As for what the RAM allowed to GL and ES respectively, I’ll need to find out where that’s defined.

After increasing the heap size I got Elasticsearch working.
I think it may be working again. I’ll monitor and make sure.

Gotcha. So if you’re on a 16GB node, you can safely give both GL & ES 5-6GB and chug right on along. Graylog takes the heap configuration in:

  • /etc/default/graylog-server (Ubuntu)
  • /etc/sysconfig/graylog-server (RHEL)

And Elasticsearch uses:

  • /etc/default/elasticsearch (Ubuntu)
  • /etc/sysconfig/elasticsearch (RHEL) OR
  • /etc/elasticsearch/jvm.options

I’d stick with the default/sysconfig locations for consistency.

2 Likes

Thanks for the info!

Here’s something odd - I have no events since I made the changes.

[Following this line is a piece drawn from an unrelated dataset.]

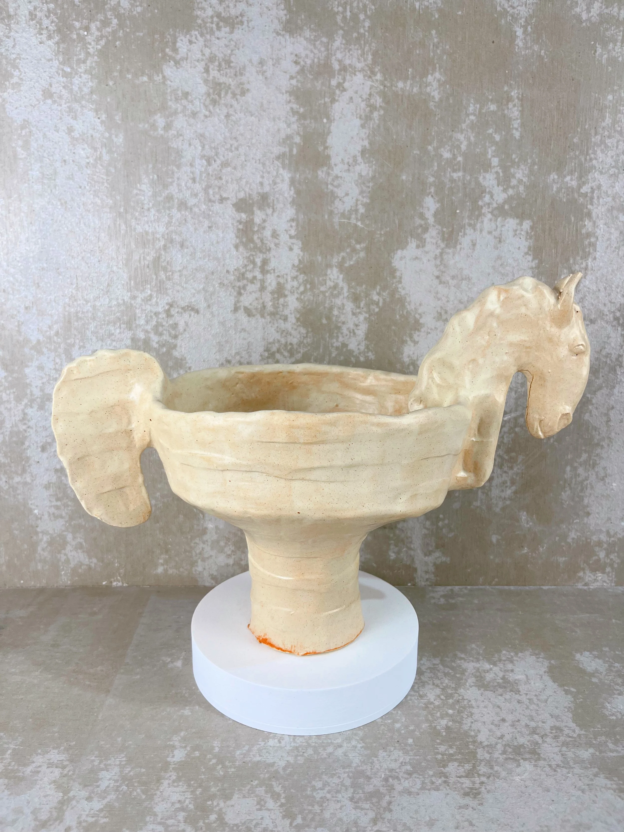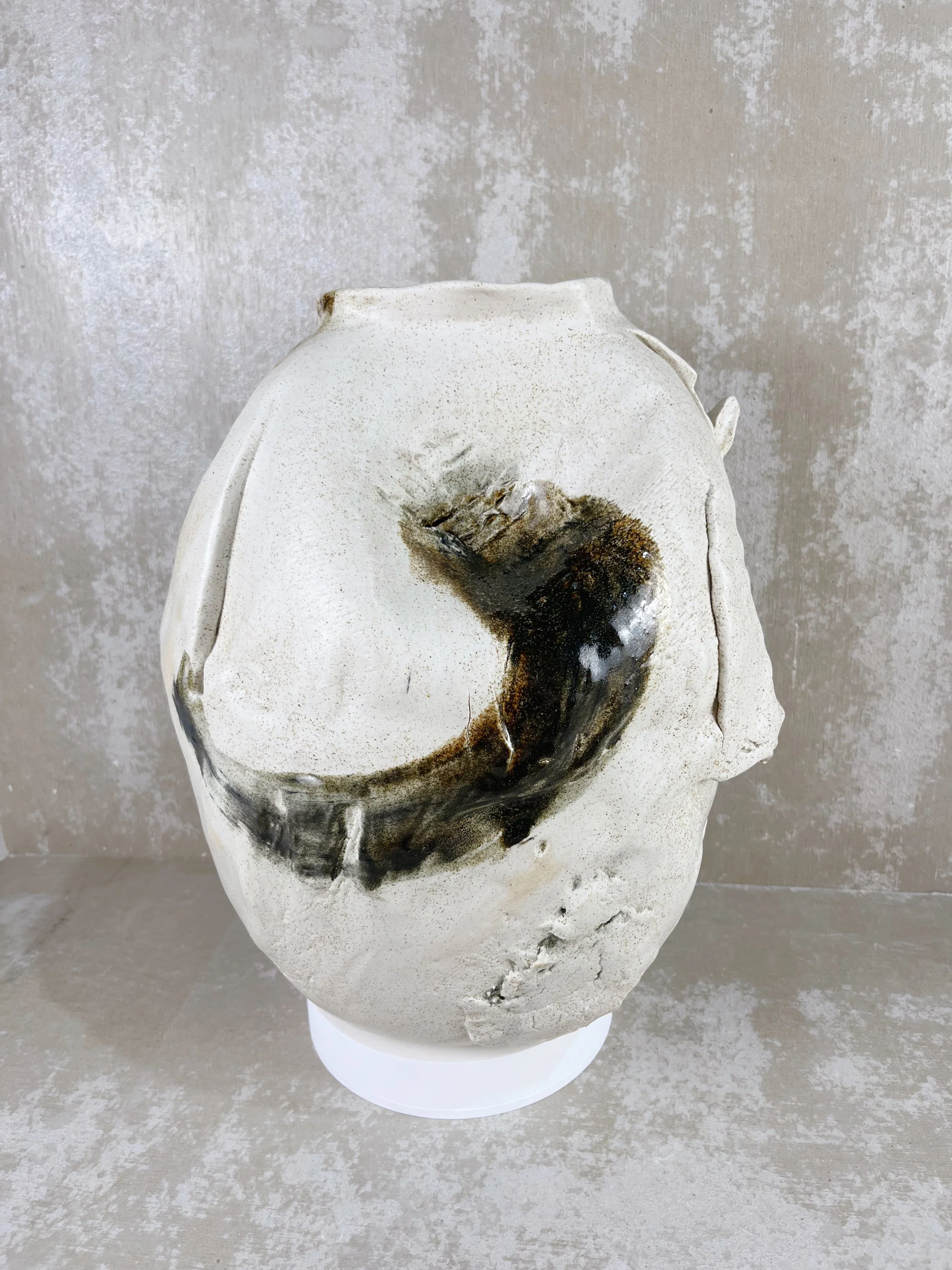 Inspired by Maori culture this vessel is both sculptural and functional with duel openings and internal glazing.
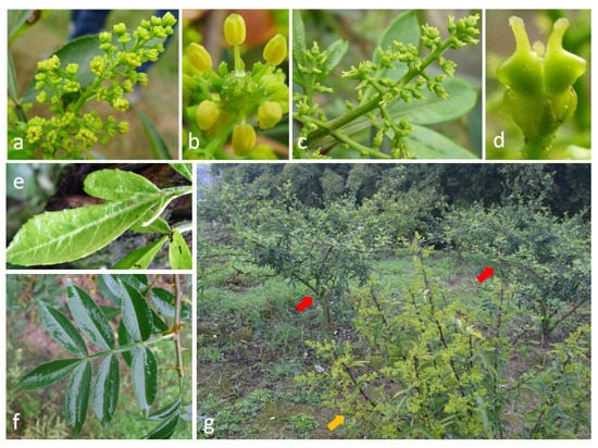 (a,b,e) Green Sichuan pepper plant infected with flower yellowing disease (FYD) exhibiting yellowing and tumescent stamen, and yellowing and small leaf. (c,d,f) Normal stamen and leaf of healthy plant. (g) The FYD-affected tree (yellow arrow) among asymptomatic trees (red arrows).

Given that one of the servers monitored generates a LOT of log traffic (respective to the others, anyway) I would expect things to show up past 10am.

What do your inputs look like–are they running just fine?

Looks to be, yeah.

Chimming in,

I noticed your using TLS but you dont have it enabled?

@gsmith @aaronsachs
Ok - It really was just choking on what was being ingested.
I increased heap size on everything to something like 5gb and added more vram to the VM.

Looks like those TLS values were defaults because it only works if TLS is disabled there.
That being said, that’s my next step is to work on getting that set up and enabled.

This topic was automatically closed 14 days after the last reply. New replies are no longer allowed.